Мимо проходили другие пассажиры, и миссис Тредуэл заметила, что добрая половина их не здоровается друг с другом — не от неприязни, но по равнодушию; видно, вчерашнее празднество не очень-то всех сблизило, ничего не переменилось, сказала она Фрейтагу. Он ответил, как ей показалось, очень весело, что кое-какие мелкие происшествия все же приключились, в конце концов, пожалуй, будут и перемены. Миссис Тредуэл припомнила кое-какие случаи, которые наблюдала сама, и, как всегда, сочла за благо промолчать.
Лутц, который в приятном одиночестве прогуливался по палубе, остановился, поглядел на их подносы и укоризненно покачал головой.
— Ай-ай! Опять кушаем? Дай Бог еще сто лет по три раза в день, а?
И миссис Тредуэл сразу показалось, что перед нею на подносе чересчур много всего и чересчур грубая это еда; уже не в первый раз она чувствовала: от одного присутствия герра Лутца все вокруг становится грубым и вульгарным. Фрейтаг щедро намазывал половину булочки маслом и медом.
— Вы совершенно правы, — весело отозвался он и с наслаждением запустил зубы в булку.

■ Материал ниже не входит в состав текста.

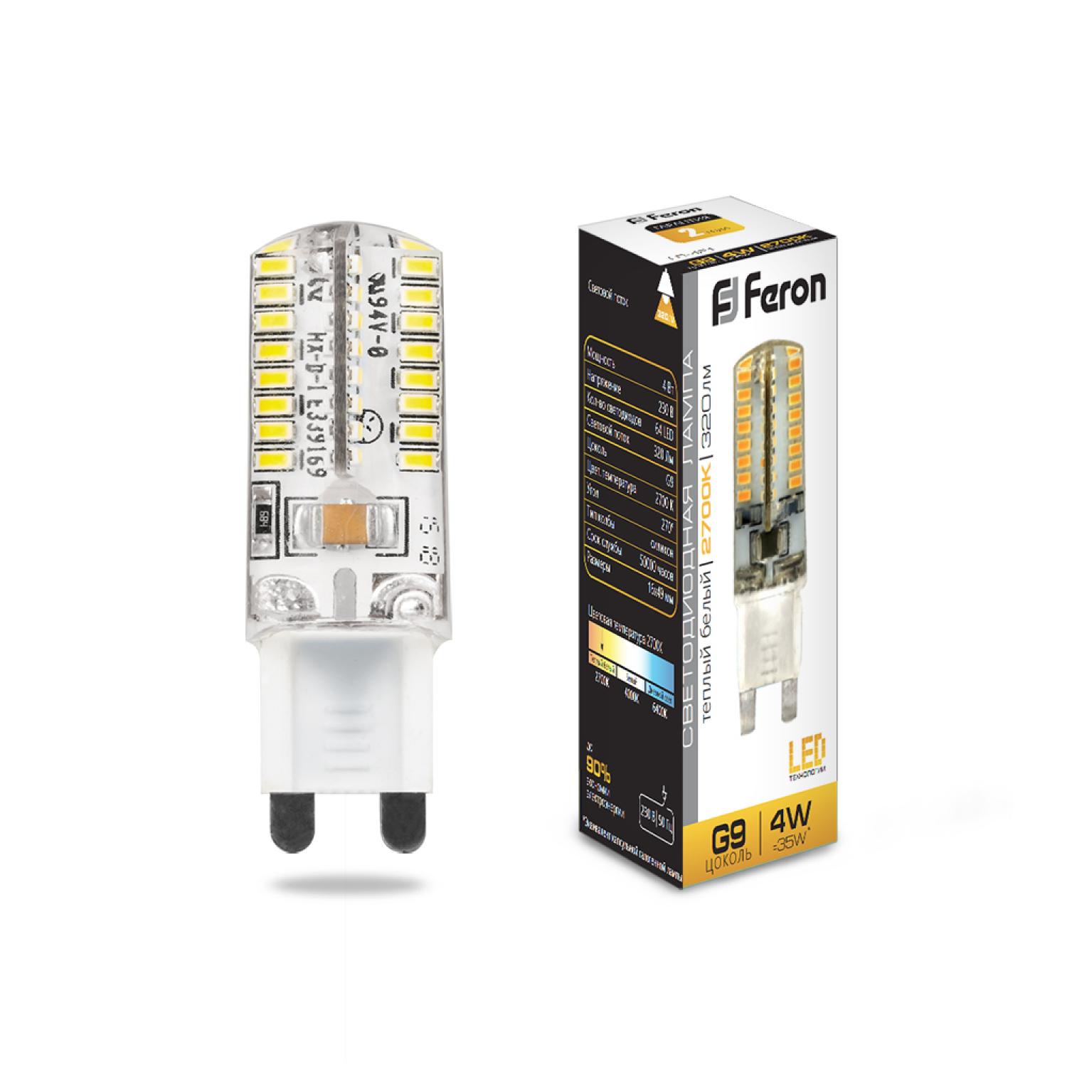 Лампа светодиодная FERON LB-435, JCD9 (капсульная), 11W 175-265V G9 4000К (белый), рассеиватель прозрачный 910Lm, угол рассеивания 270°, 58*22мм
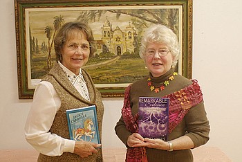Shirley Rorvik and Karen Wills display their novels after a book talk put on by the Hot Springs Artists Society.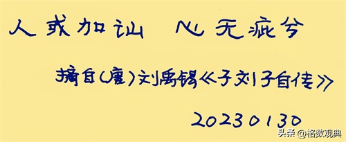 【每日一典】“人或加讪,心无疵兮”摘自(唐)刘禹锡《子刘子自传》——要坚定自己的理想和信念,不要随便因为别人的中伤或者其他言语而改变自己的志向,做一个意志坚定的人,不同流合污。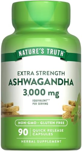 Nature’s Truth Ashwagandha Capsules | 3000mg | 90 Count | Extra Strength | with Black Pepper | Non-GMO & Gluten Free Supplement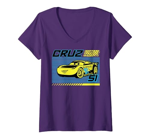 Women's Disney Pixar Cars Dinoco Cruz Ramirez V-Neck T-Shirt, Purple, X-Large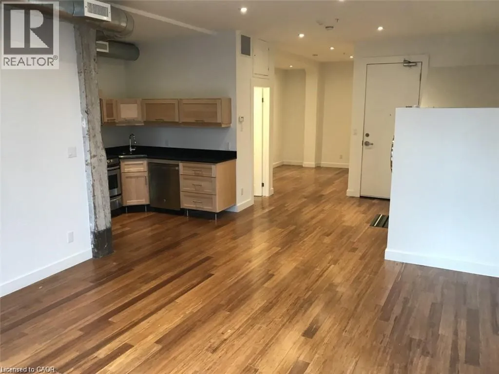 King St E to Walnut St S Sign a 13th month lease agreement and get one-month free rent! This exceptional Studio style one bedroom apartment combines style and convenience, featuring hardwood floors, granite countertops, maple cabinetry, and in-suite laundry. Enjoy the view from your own balcony. Located in the vibrant International Village, you'll be just steps away from local shops, dining, and transportation including the popular Brothers Grimm Bistro located in the lower level of the building. Brothers Grimm offers Tenants of 193 King St E. a 10% discount on food (dine-in) and 15% on take out food. Rent is plus hydro, and tenants can procure monthly parking just steps away in the rear parking lot (current price $95 monthly), additional parking is available in the lot directly across the street or at the meters steps from the front door. We use Single Key; Credit check, employment letter, references, and lease agreement required. Available for immediate move-in! (id:27476)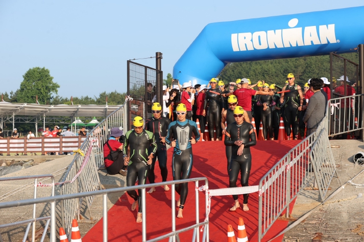 16일 오전 6시 20분부터 수영(1.9km)을 시작으로 자전거(90.1km), 달리기(21.1km)가 진행됐다.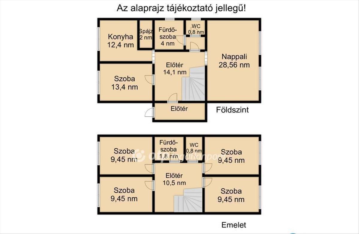 - földszint: konyha-étkező, spájz, hall, 1 külön nyíló szoba, előszoba, nappali, fürdőszoba és wc külön helyiségben

Слишком он красив — не так, как надо, уж очень по-немецки, подумала миссис Тредуэл, и слишком тщательно одевается, и вообще уж слишком пышет здоровьем, а в голове ни единой мысли, и очень грустно, что даже самые симпатичные немцы чересчур жадно едят. Путешественники отмечали эту жадность во все времена, и сама она еще не встречала ни одного немца, который не был бы обжорой. Фрейтаг, простодушно наслаждавшийся завтраком, с набитым ртом повернулся к ней — и впервые встретил внимательно-отчужденный взгляд: тонкие темные брови чуть приподняты, голова слегка склонилась набок, и словно бы нет в этом взгляде ничего особенного, но Фрейтаг на миг утратил душевное равновесие. Он отвернулся и с усилием глотнул. Когда он опять взглянул на миссис Тредуэл, она смотрела на море.
— Завтрак — моя любимая еда, — сказал он. — Дома мы завтракали по-английски, со всякими горячими блюдами: на буфете отбивные, омлет, жареные грибы, сосиски со свежими булочками, — бери сам, что хочешь, и стоит большой кофейник, из носика пар струей. Моя жена…
Ну, конечно: завтрак в английском стиле, обед уж наверняка во французском, для других случаев — другие заграничные стили, а время от времени возвращаемся к родимым Eisbein mit Sauerkohl[23] и пиву. До чего утомительный народ, думала миссис Тредуэл. И стиль у них, все равно их собственный или взятый у кого-то взаймы, всегда оказывается грубый и корявый.
— Ich bin die fesche Lola[24], — вполголоса пропела она, подражая Марлен Дитрих в самом пошлом, самом низменном ее воплощении.
Фрейтаг весело рассмеялся и подхватил строчку о пианоле.
— Где вы научились? — спросил он. — Это моя любимая песенка.
— В Берлине, в мой последний приезд, — объяснила миссис Тредуэл. — Марлен больше всего мне нравилась, когда она своим великолепным низким контральто исполняла что-нибудь комическое. Тогда она была гораздо милее, чем в ролях романтических героинь в кино.
Он согласился и прибавил:
— Моя жена собирает такие пластинки, у нас их сотни, на всех языках, все восхитительно низкого пошиба, мы очень их любим.
И он начал рассказывать, что у его жены особый дар — вокруг нее всем становится легко и весело.
— Она всюду приносит радость, при ней легче жить, — сказал он, и собственные слова на время его успокоили. Воображение принялось собирать осколки его разбитой вдребезги жизни и складывать в цельную картину — она уже казалась почти прежней. Все это так — так было и, может быть, снова так будет. Мари — вот что главное в его жизни, а Мари не может перемениться, так с чего на него вдруг напал страх за их будущее? Нигде в целом свете не будет хуже, чем в Германии, а может, еще и получше. Стыд и раскаяние охватили его — откуда взялись те подлые, предательские мысли? Надо быть поосторожней, не выдать перед Мари своих сомнений — хоть она и веселая, и умница, и все понимает, но ее так легко огорчить и растревожить: ее часто мучают страшные сны, порой проснется с криком, прильнет к нему, прижмется лицом к его плечу, будто хочет вся зарыться, спрятаться в нем, — и никогда не расскажет, что же во сне так ее испугало. А порой она как-то отходит и от него, и от самой жизни, весь день сидит бессильная, поникшая, закрыв лицо руками. «Оставь меня, — почти беззвучно говорит она в такие минуты, — я должна сама с этим справиться. Подожди». И он научился ждать.